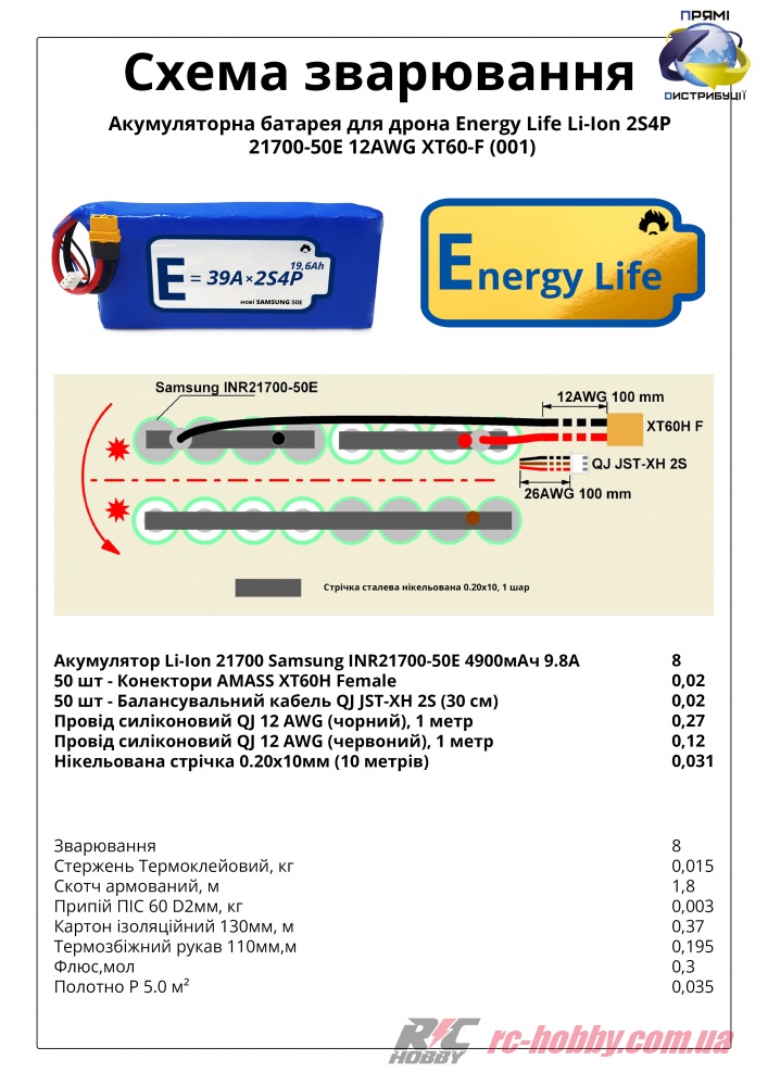 Фотографії Батарея Energy Life Li-Ion 2S4P 21700-EVE50E 12AWG XT60-F (001)
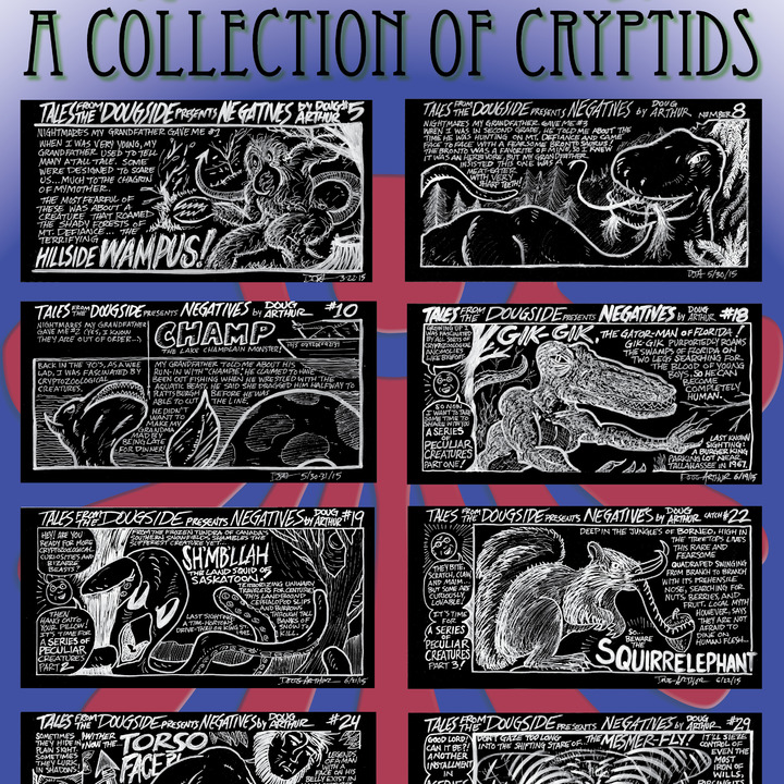 Last one! I made a limited edition run of ten 18" x 24" "Collection of Cryptids" posters in 2016 around the time I published my deluxe re-issues of my first four books. It features a series of black and white comics on a color background. There are "real" cryptids like Champ, the Lake Champlain Monster featured as well as a few I made up...or did I? Will be mailed in a separate round poster tube.
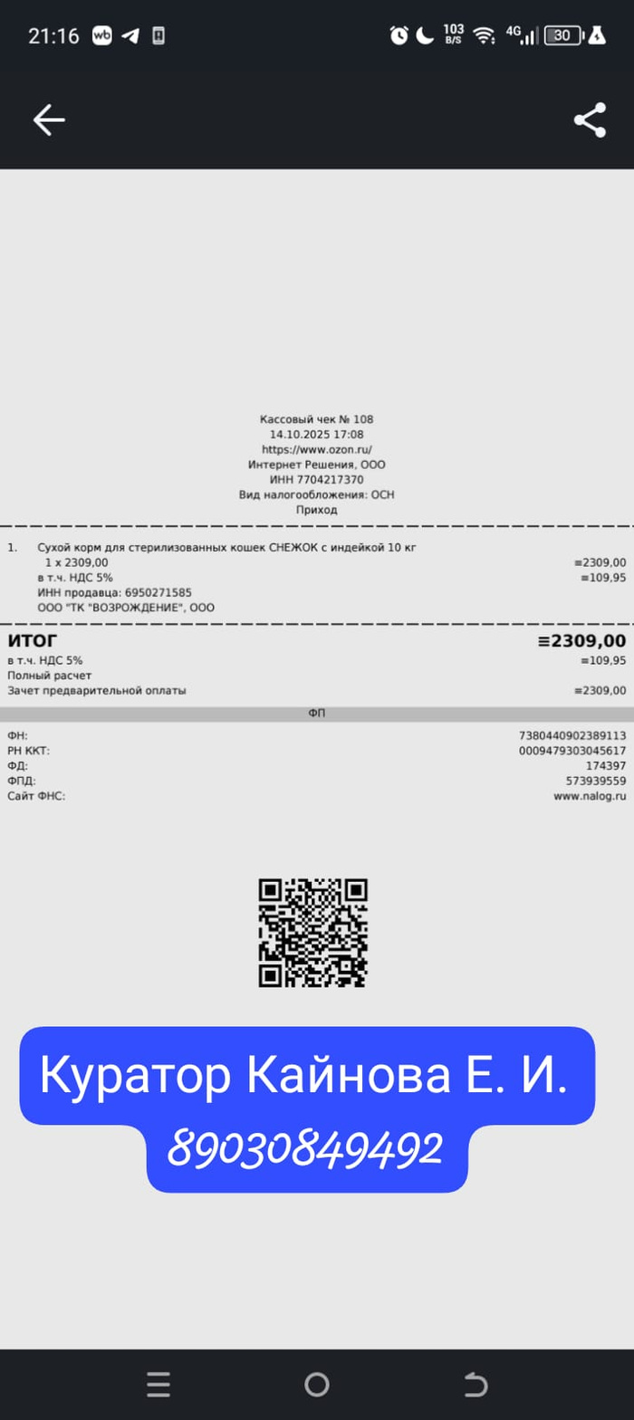 Помощь в покупке сухого и жидкого корма передержке Октябрь.
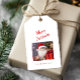 Etiqueta Feliz Navidad del gato en un sombrero de Santa
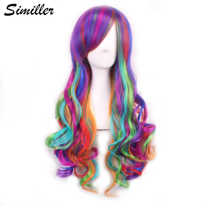 Similler Искусственные парики для косплея из аниме для женщин, высокотемпературные волоконные длинные вьющиеся искусственные волосы с челкой
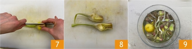 Divídela nuevamente por la mitad 7, para obtener dos cuartos 8. De cada alcachofa obtendrás 4 cuartos, colócalos en el bol con agua fría acidulada con limón para que no se oscurezcan 9
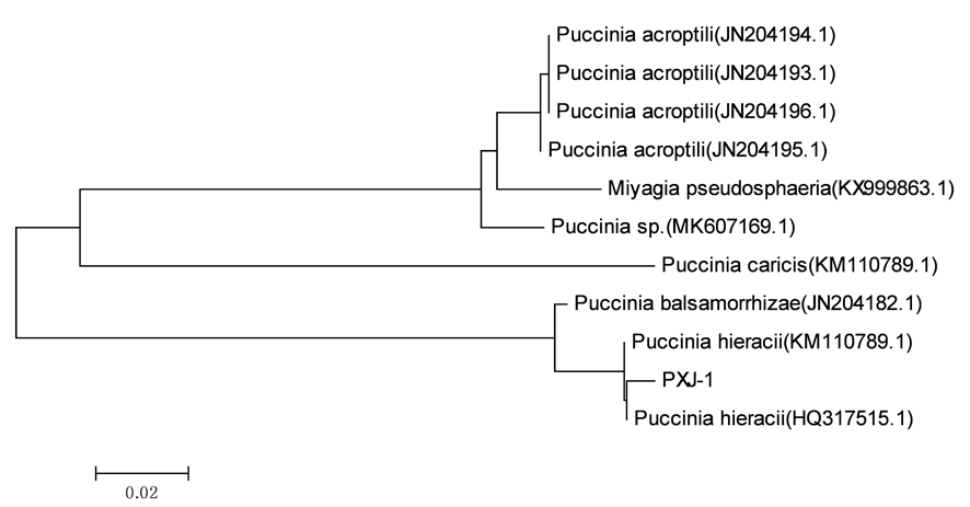 【Objective】 This project aims to identify the pathogen causing Taraxacumkok-saghyz Rodin rust disease and provide scientific basis for the effective control of the disease. 【Methods】 According to Koch's rule, the pathogen of rubber grass rust in the field was isolated and inoculated with healthy rubber grass to verify its pathogenicity. The morphology of summer spores of rubber grass rust was observed under the microscope. The 28S rDNA and its gene sequences of rust were amplified and sequenced by PCR with fungal universal primer NL1 / NL4 and rust universal primer ITS5-u/ITS4rust. The phylogenetic tree was constructed by its sequence to analyze the genus status of the strain. 【Result】 The rust isolated from field samples could infect healthy plants, and the symptoms were consistent with those in the field. The summer spores of rubber grass rust were nearly spherical, oval or ovoid, and the size was (24-32×21-26)μm, light yellow to chestnut brown, spiny, single cell, wall thickness of 1-2.5 μm. Its sequence genetic analysis showed that rubber grass rust in Ili, Xinjiang was the closest to Pucciniahieracii, and its sequence homology reached 99.06%.【Conclusion】 The pathogen causing Taraxacumkok-saghyz Rodin rust disease was Pucciniahieracii.

- WORK ORDER
A word-for-word copy of the lines from the start of the listing through the line containing "Divídela nuevamente por" is the answer. Pictures stay out of it.

- SOLUTION
 Фотографії Батарея Energy Life Li-Ion 2S4P 21700-EVE50E 12AWG XT60-F (001)
 Last one! I made a limited edition run of ten 18" x 24" "Collection of Cryptids" posters in 2016 around the time I published my deluxe re-issues of my first four books. It features a series of black and white comics on a color background. There are "real" cryptids like Champ, the Lake Champlain Monster featured as well as a few I made up...or did I? Will be mailed in a separate round poster tube.
 Помощь в покупке сухого и жидкого корма передержке Октябрь.
 Etiqueta Feliz Navidad del gato en un sombrero de Santa
 Similler Искусственные парики для косплея из аниме для женщин, высокотемпературные волоконные длинные вьющиеся искусственные волосы с челкой
 Divídela nuevamente por la mitad 7, para obtener dos cuartos 8. De cada alcachofa obtendrás 4 cuartos, colócalos en el bol con agua fría acidulada con limón para que no se oscurezcan 9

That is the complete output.